Mr. Jamie Reed: I thank the hon. Gentleman for his comments about Cumbria, but on the subject of the nuclear industry, I urge him please not to talk down the capability of the UK industry. Many of the points that he has made are not true. I know he is supportive, which I welcome, but let us stick to the facts.
Mr. Ellwood: I am sticking to the facts. I am on the all-party nuclear energy group, and we have made a number of visits across the globe. We meet British people-now slightly aged, I have to say-who worked in the British nuclear industry and have now moved away from it. I could mention the CANDU systems in Canada, the pebble-bed systems in South Africa, and other systems developed in France and Sweden, all of which benefited from British interest and British know-how, as they started off here in the UK.
The second absence from the Bill is any mention of nuclear fusion, and I suspect that not many Members are aware of what is going on in that connection. The Minister of State shakes her head, and if she were to
intervene now, she would no doubt say, "Oh, that's 20 years away." Well, it will continue to be 20 years away, so long as we continue to fail to invest in it. Given that that is effectively nuclear power utopia, I cannot understand why we are not doing more to find something that would allow us to build only one more set of nuclear fission reactors before moving over to nuclear fusion. Nuclear fusion combines hydrogen, turning it into helium, creating water, so it is very safe: there is no radioactive material and there are no CO2 emissions, making it extremely clean. Yet we are doing nothing-no research, no discussion in the UK of how to move that debate forward. Scientists know that that power can be harnessed, but because it a long time in the future, the attitude is that it will not happen on our watch; I am afraid that that is not the right attitude.

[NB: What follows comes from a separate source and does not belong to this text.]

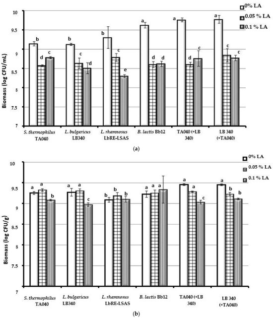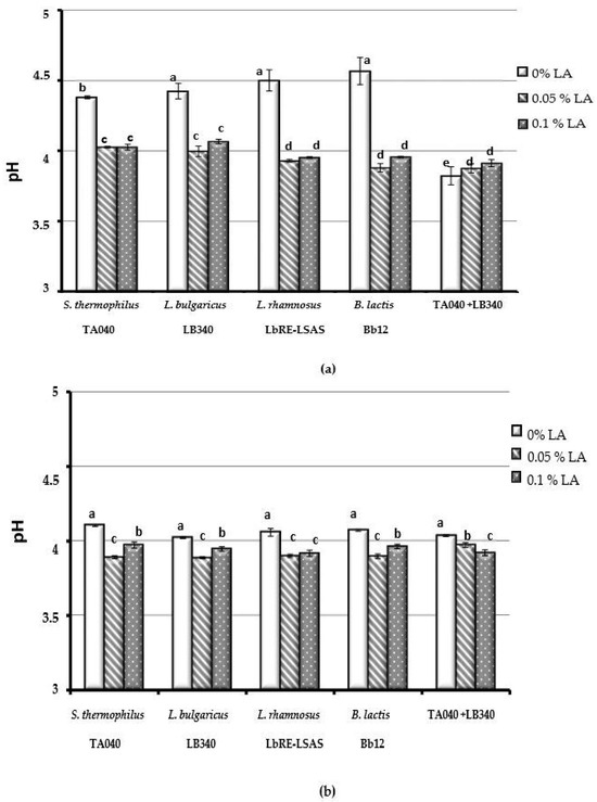 In the yogurt beverages (Figure 2b), the acidifying activities of all strains were high: 4.02 to 4.10 in the absence of LA (controls) and 3.88 to 3.90 and 3.91 to 3.97 in the presence of LA at 0.5 and 1 mg/mL, respectively.

As for coal, we have a supply, but as we have known for a long time, it is a big polluter. If we have known that for a long time, why are we only now coming to terms with the challenges, issues and benefits of carbon capture and storage? Again, it is all too late in the day.
Paddy Tipping: The hon. Gentleman will remember the project to develop clean coal technology at Grimesthorpe-but it was closed by the last Tory Government.
Mr. Ellwood: I repeat that that took place before I had the opportunity even to comment on it; I was still at school studying chemistry. The hon. Gentleman has been in the House for 10 years now, and this Government have been responsible for 10 years, so at what point do the Government finally stop using, "Oh, it was the last Government's fault," as an excuse to cover what they are not doing now. That debate is getting very old indeed.
I put it to the Minister that the levy that the Bill introduces will penalise the entire industry, including those who do not produce any CO2 emissions. Would it not be an incentive for the producers of electricity and energy-and, indeed, the consumers-to move over to greener forms if they knew that they would not then have to pay the levy? I am ready to give way to the Minister to explain, but it does not look as if she is going to intervene. We will wait for her summing up.
Finally, on renewables, the point has been made that we have managed to increase our capability in the UK by only 0.3 per cent. There are more imaginative ways of using renewables. The point has been made that there are so many buildings-council-owned buildings and other public buildings-that would readily provide a place for wind turbines of varying sizes, in order to increase our contribution. Those are not all Tory council town halls either, as there are myriad places where we could do that. That is the approach that we need.
To have 10,000 wind turbines by 2020 is a fantastic target, but this Government did not manage to save a major wind turbine company close to my constituency, in the Isle of Wight. What a shame that it has now gone out of business. I am afraid that this provides another example of people upping sticks and moving out of this country: their experience, technology and resources have now left these shores.